Wednesday, October 26, 2011

Occupy Wall Street is now an MTV reality show



Original here


New York Magazine reported Monday that Occupy Wall Street Is Coming to MTV.
MTV announced today that True Life: I'm Occupying Wall Street will air in less than two weeks...On the night of November 5, we'll be treated to a well-edited version of the protests we've been watching for more than a month, starring college students Kait and Caitlin, and Bryan, a member of the Zuccotti Park sanitation team.
It looks like what the late Joe Bageant called The Hologram wins again. What is The Hologram? I'll let Joe describe it for you.
We suffer under a mass national hallucination. Americans, regardless of income or social position, now live in a culture entirely perceived inside a self-referential media hologram of a nation and world that does not exist. Our national reality is staged and held together by media, chiefly movie and television images. We live in a "theater state."

In our theater state, we know the world through media productions which are edited and shaped to instruct us on how to look and behave and view the outside world. As in all staged productions and illusions, everyone we see is an actor. There are the television actors portraying what supposedly represents reality. Non-actors in Congress perform in front of the cameras, as the American empire's cultural machinery weaves and spins out our cultural mythology.

Cultural myth production is an enormous industry in America.
And now that enormous industry has turned its eye onto Occupy Wall Street and converted it into entertainment. MTV has already released a preview of its reality show. Watch the clip at MTV's site.
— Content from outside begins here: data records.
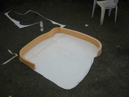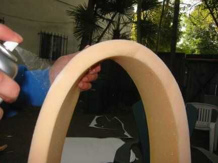 Ahora podemos agregar nuestra corteza. Tomar algunas de nuestra hoja de espuma gruesa de 1 1/2 pulgada y cortar tiras largas que son aproximadamente 5 pulgadas de alto. Usted necesitará un carver de Turquía eléctrica realmente conseguir este trabajo bien hecho. Entonces usando spray pegamento fije nuestra costra de espuma hasta el borde exterior de la cartulina. Adhesivo en aerosol es un pegamento de contacto, así que vas a tener que rociar el cartón y la espuma. Deje que se seque lo suficiente para obtener pegajosa, y luego lo pegan.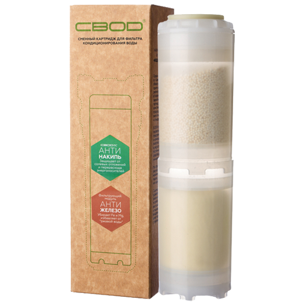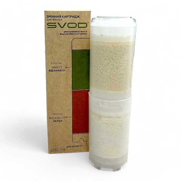 Комбинированный картридж СВОД F5ST250 - предназначен для очистки воды от избытка железа и приведения содержания железа в воде к показателям приведённых в ГОСТ (не более 0,3 мг/л)а также для умягчения воды и удаления накипи. В результате работы фильтра пропадают ржавые потёки на бытовой технике, формирование накипи на стенках водонагревающего оборудования, нормализуется вкус и запах воды (пропадает железный привкус), также бытовая техника защищается от вредного влияния железа и накипи на свою работу.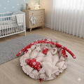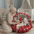 Printed Cotton Baby Round Cot with Pillows- Red Flowers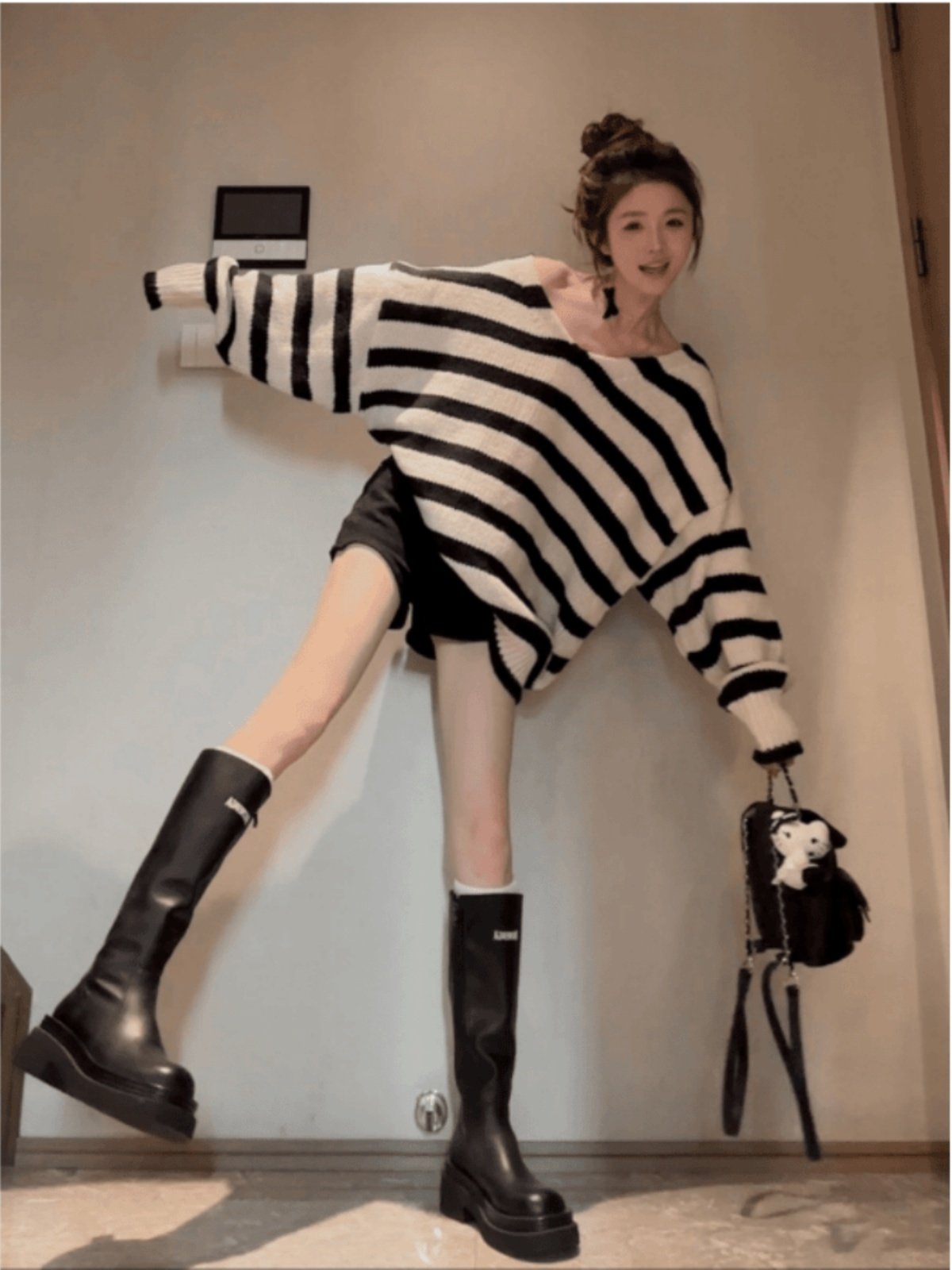 設計感小衆v領針織毛衣女款秋季新款寬松顯瘦慵懶風休閒條紋上衣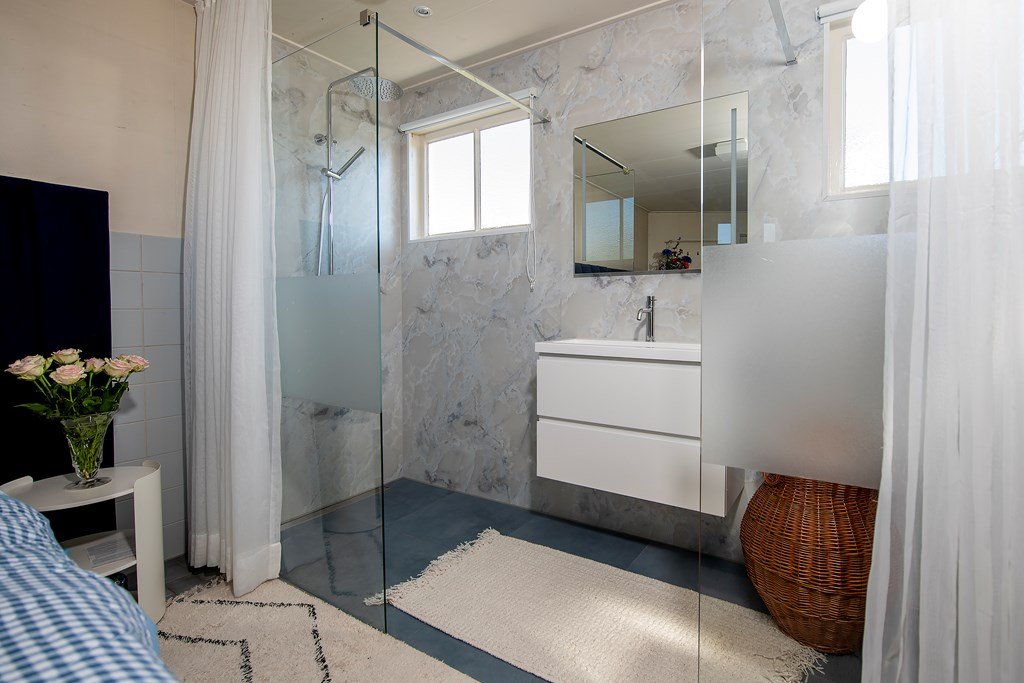 De entree naar de ruime woonkeuken bevindt zich in de grote hal, naast de living. Ook deze keuken (met o.a. inductiekookplaat, afzuigkap, koelkast, Quooker, combi magnetron en afwasmachine) heeft zijn eigen entree naar buiten én een deur naar de veranda. In de keuken is een prachtige doorgang gemaakt naar een verrassende slaapkamer mét deur naar buiten. Deze slaapkamer heeft een eigen badkamer met inloopdouche en wastafel, waardoor de woning levensloopbestendig is.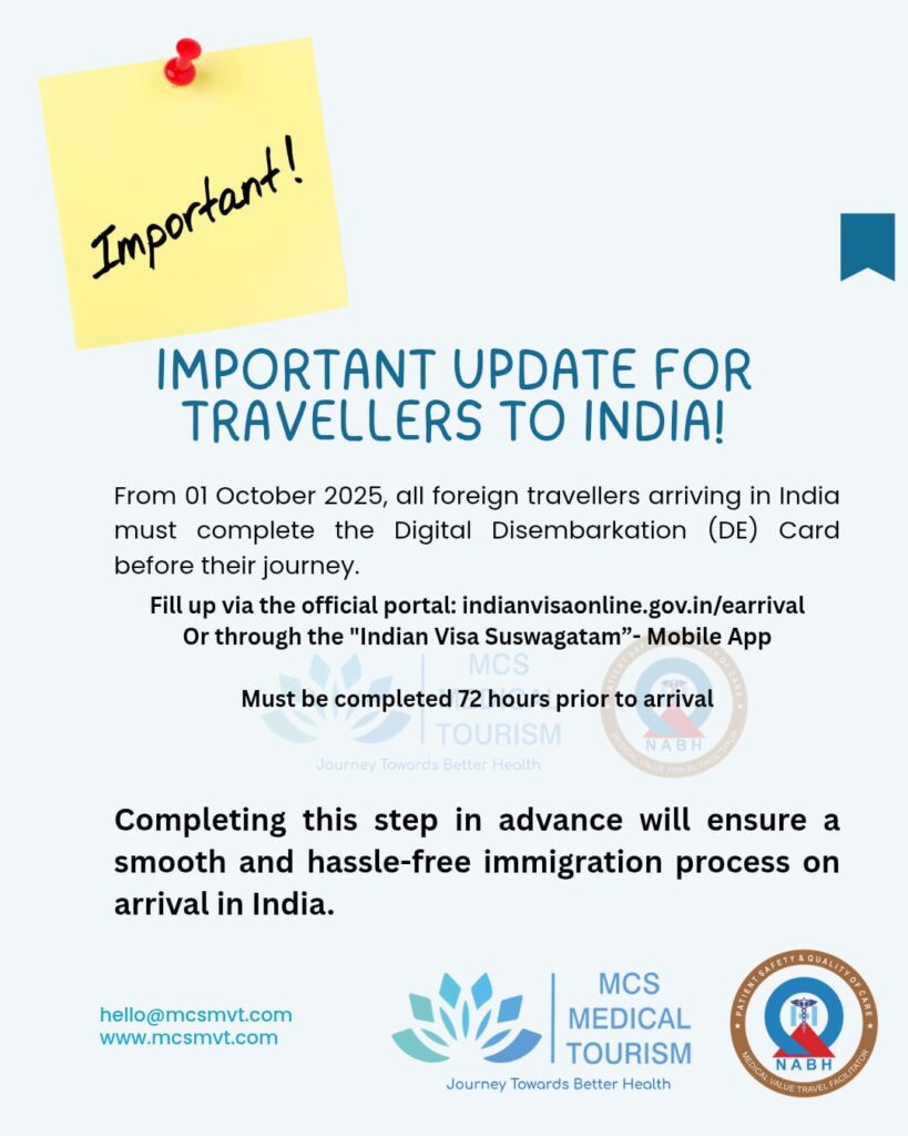 From 1 October 2025, all foreign travellers arriving in India must complete the new Digital Disembarkation (DE) Card before their journey. This mandatory step ensures faster immigration clearance and a smooth arrival experience at Indian airports.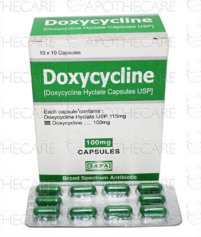 Product Name: Doxycycline Cap 100mg 10x10'sProduct Form: CapsulesPack Size: 10x10'sMarketed By: Zafa PharmaGeneric Category: Tetracycline Anti-BacterialIngredients: Doxycycline Hyclate

For those who think that television and movie coverage is the ultimate validation of what you are doing, and that does seem to be a lot of people, congratulations, Occupy Wall Street has "made it." On the other hand, becoming famous is not the point. Changing the society, economy, and politics of the United States is. Keep up the good work, and remember that character is what one does when no one, including MTV's cameras, is watching.